Artempo: Where Time Becomes Art was an encyclopedic art exhibition created for the Palazzo Fortuny, Venice in 2007. It examined the relationship between art and time, and the power of display.

The exhibition included variations of cultures and periods, and featured objects ranging from simple "objecte trouve", archaeological materials, applied art, old, classical, and modern art, to contemporary installations.

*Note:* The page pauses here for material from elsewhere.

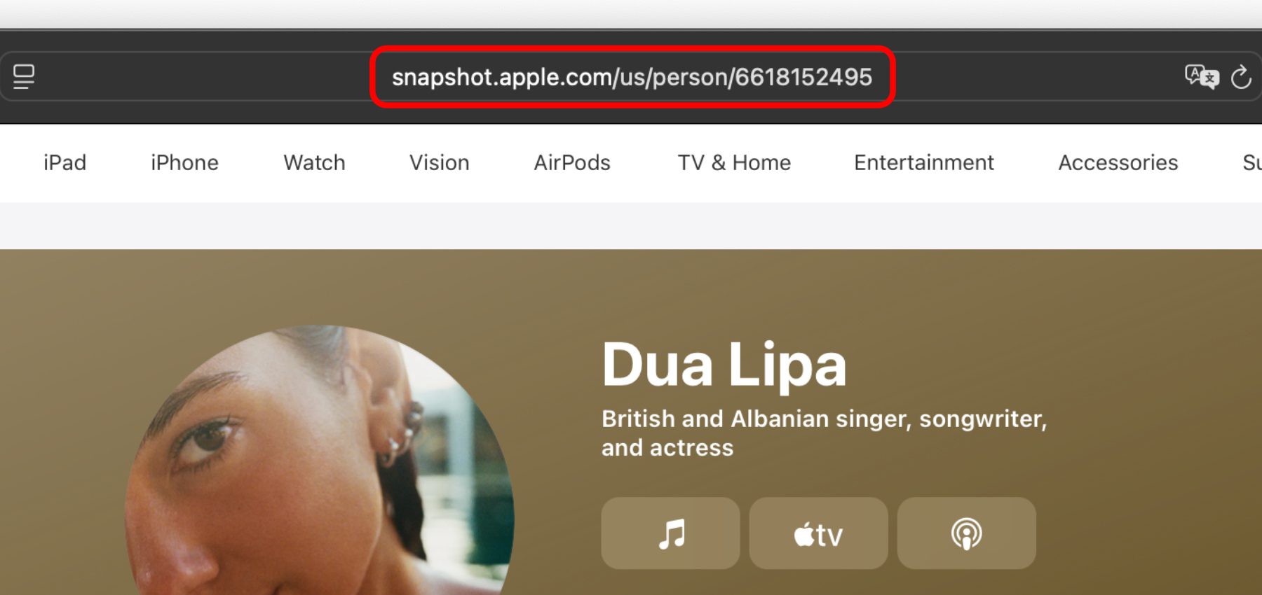 Apple hat eine neue Webseite ins Leben gerufen, die Stars aus verschiedenen Bereichen aufzeigt. Klickt man auf einen der Namen bzw. Fotos, werden weitere Details gelistet sowie Angebote aus Apple Music, Apple TV und Apple Podcasts aufgezeigt.

The exhibition was made by Mattijs Visser and Axel Vervoordt, together with Jean-Hubert Martin. The accompanying book included essays by philosopher Massimo Cacciari, the curator from Magiciens de la terre, Jean-Hubert Martin, the former director of Centre Georges Pompidou, Heinz-Norbert Jocks, as well as Eddi de Wolf and Visser.

== Palazzo Fortuny ==
Artempo was housed in the Venezian-Gothic Palazzo Fortuny, Mariano Fortuny's former home, studio, showroom, and "Think-Tank". Fortuny's own art ranged across many fields, and he was also an eclectic art-collector, as well as an organizer of lectures, concerts, and discussions. Artempo was designed with the spirit of Fortuny in mind, utilizing the Palazzo as a "Laboratory of Ideas".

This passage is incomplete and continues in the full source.